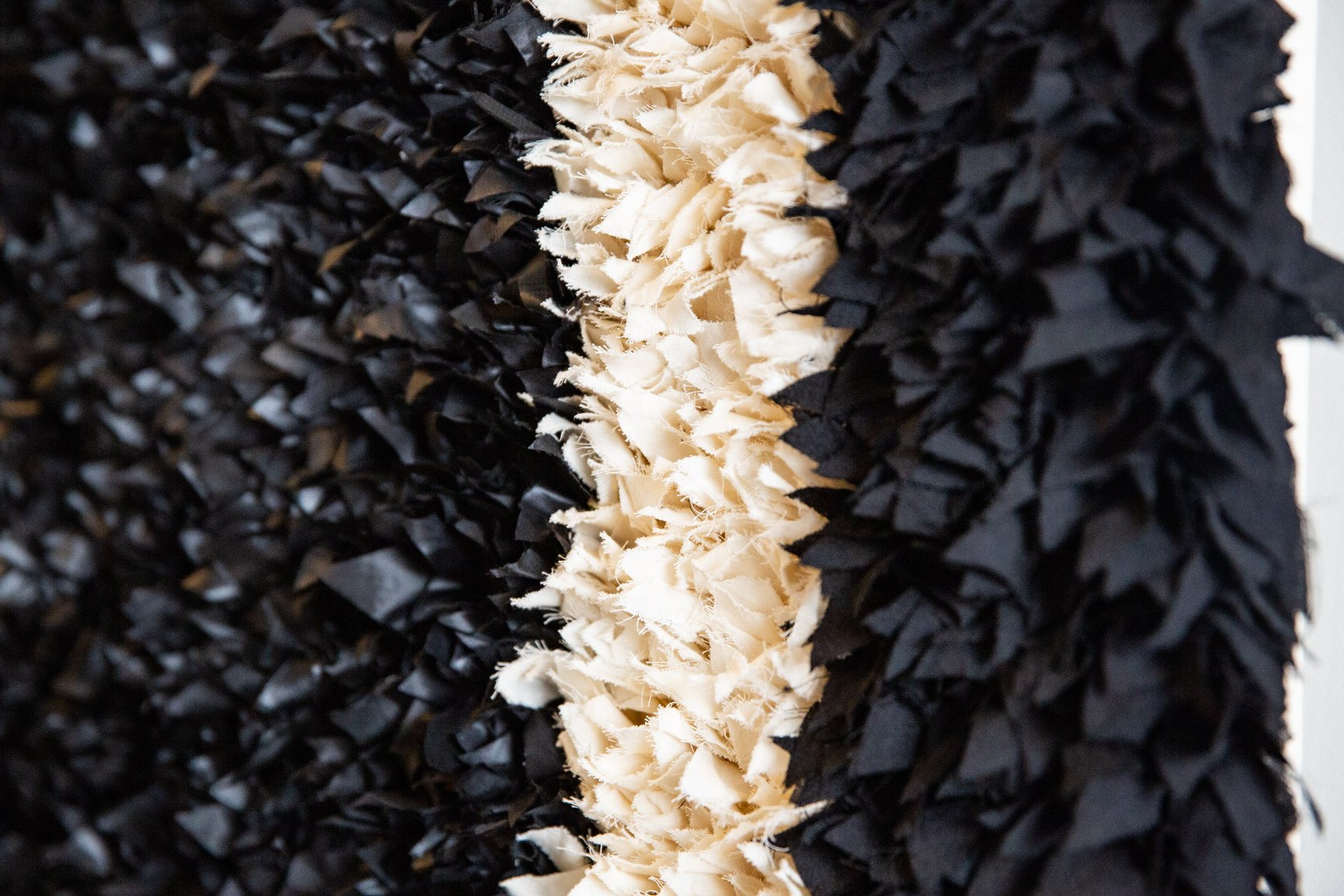 FASHIONSNAP(以下、F):1点目は玄関に飾ってある、ジョエル・アンドリアノメアリソア(Joël Andrianomearisoa)のアート作品。テキスタイルや紙、鉱物などの素材を用いた作品で知られ、2020年の「ロエベ ファンデーション クラフト プライズ」のファイナリストにも選出されたアフリカ系アーティストですね。
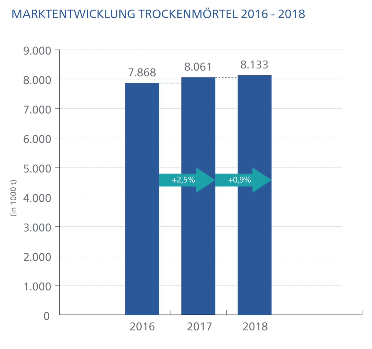 Estrichmörtel haben sich im Jahr 2018 deutlich besser entwickelt als die anderen Produktsegmente (Mauermörtel, Fliesenmörtel, Trockenbeton/Spritzbeton, Mörtel für Garten und Landschaftsbau). Der Absatz von Estrichmörtel konnte ein Plus von +2,8 % zum Vorjahr verzeichnen. Bereits im Jahr 2017 entwickelten sich die Estrichprodukte positiver als der Gesamtmarkt, was in erster Linie auf die überdurchschnittliche Nachfrage aus dem Neubau zurückzuführen ist.
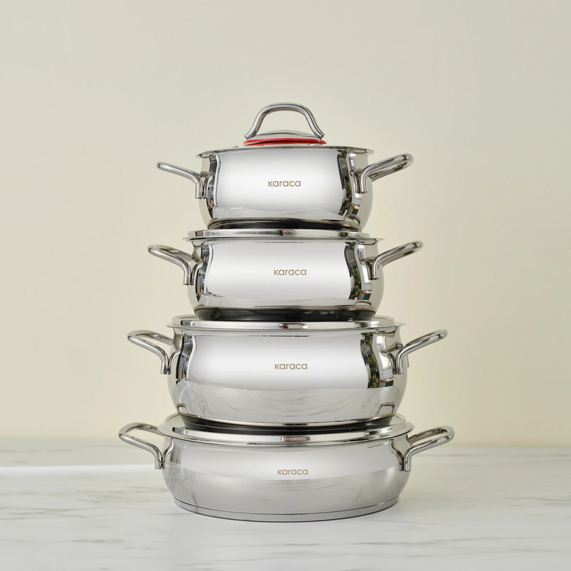 سرویس قابلمه ۸ پارچه کاراجا مدل Emirgan، تجربهای لذتبخش از آشپزی را برای شما به ارمغان میآورد. این مجموعه استثنایی، محصول کشور ترکیه و ساخته شده از مرغوبترین استیل ضد زنگ 18/10 است که علاوه بر دوام و درخشندگی فوقالعاده، دارای خاصیت آنتیباکتریال میباشد. این سرویس کامل شامل چهار قابلمه در سایزهای کاربردی ۱۶ سانتیمتر (۱.۶ لیتری)، ۱۸ سانتیمتر (۲.۲ لیتری)، ۲۲ سانتیمتر (۳.۶ لیتری) و یک نیمقابلمه ۲۴ سانتیمتر (۳ لیتری) به همراه دربهای شیشهای بسیار مقاوم و ویژه است که به گونهای طراحی شدهاند تا در برابر حرارت بالا کاملاً مقاوم باشند. طراحی هوشمندانه کف این قابلمهها باعث پخش یکنواخت و همگن گرما در تمام سطح شده، در نتیجه علاوه بر پخت عالی، در مصرف انرژی نیز صرفهجویی میشود. این محصول که به کشورهای بزرگ اروپا نیز صادر میشود، بر روی تمامی انواع اجاق گاز از جمله اجاقهای القایی کاملاً قابل استفاده است و به راحتی در ماشین ظرفشویی قابل شستشو میباشد. با طراحی زیبا و کیفیت ساخت بینظیر ، سرویس قابلمه کاراجا Emirgan سرمایهای ماندگار برای آشپزخانه شماست.
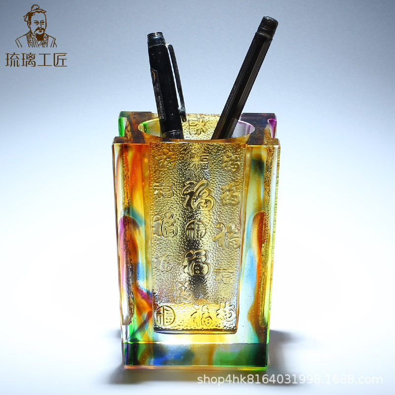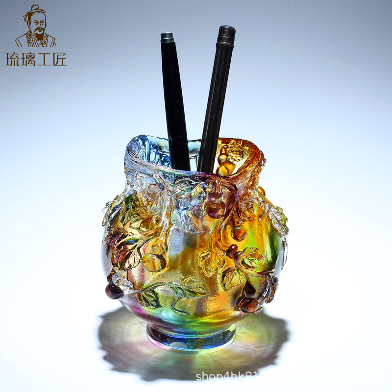 瑠璃工芸品福禄筆筒事務室の社長のデスクトップに水晶を飾って高級な大気の誕生日プレゼントを指導します。

(Action item) A word-for-word restatement of all the lines above is needed, with the pictures omitted.

(Task answer)
 FASHIONSNAP(以下、F):1点目は玄関に飾ってある、ジョエル・アンドリアノメアリソア(Joël Andrianomearisoa)のアート作品。テキスタイルや紙、鉱物などの素材を用いた作品で知られ、2020年の「ロエベ ファンデーション クラフト プライズ」のファイナリストにも選出されたアフリカ系アーティストですね。
 Estrichmörtel haben sich im Jahr 2018 deutlich besser entwickelt als die anderen Produktsegmente (Mauermörtel, Fliesenmörtel, Trockenbeton/Spritzbeton, Mörtel für Garten und Landschaftsbau). Der Absatz von Estrichmörtel konnte ein Plus von +2,8 % zum Vorjahr verzeichnen. Bereits im Jahr 2017 entwickelten sich die Estrichprodukte positiver als der Gesamtmarkt, was in erster Linie auf die überdurchschnittliche Nachfrage aus dem Neubau zurückzuführen ist.
 سرویس قابلمه ۸ پارچه کاراجا مدل Emirgan، تجربهای لذتبخش از آشپزی را برای شما به ارمغان میآورد. این مجموعه استثنایی، محصول کشور ترکیه و ساخته شده از مرغوبترین استیل ضد زنگ 18/10 است که علاوه بر دوام و درخشندگی فوقالعاده، دارای خاصیت آنتیباکتریال میباشد. این سرویس کامل شامل چهار قابلمه در سایزهای کاربردی ۱۶ سانتیمتر (۱.۶ لیتری)، ۱۸ سانتیمتر (۲.۲ لیتری)، ۲۲ سانتیمتر (۳.۶ لیتری) و یک نیمقابلمه ۲۴ سانتیمتر (۳ لیتری) به همراه دربهای شیشهای بسیار مقاوم و ویژه است که به گونهای طراحی شدهاند تا در برابر حرارت بالا کاملاً مقاوم باشند. طراحی هوشمندانه کف این قابلمهها باعث پخش یکنواخت و همگن گرما در تمام سطح شده، در نتیجه علاوه بر پخت عالی، در مصرف انرژی نیز صرفهجویی میشود. این محصول که به کشورهای بزرگ اروپا نیز صادر میشود، بر روی تمامی انواع اجاق گاز از جمله اجاقهای القایی کاملاً قابل استفاده است و به راحتی در ماشین ظرفشویی قابل شستشو میباشد. با طراحی زیبا و کیفیت ساخت بینظیر ، سرویس قابلمه کاراجا Emirgan سرمایهای ماندگار برای آشپزخانه شماست.
 瑠璃工芸品福禄筆筒事務室の社長のデスクトップに水晶を飾って高級な大気の誕生日プレゼントを指導します。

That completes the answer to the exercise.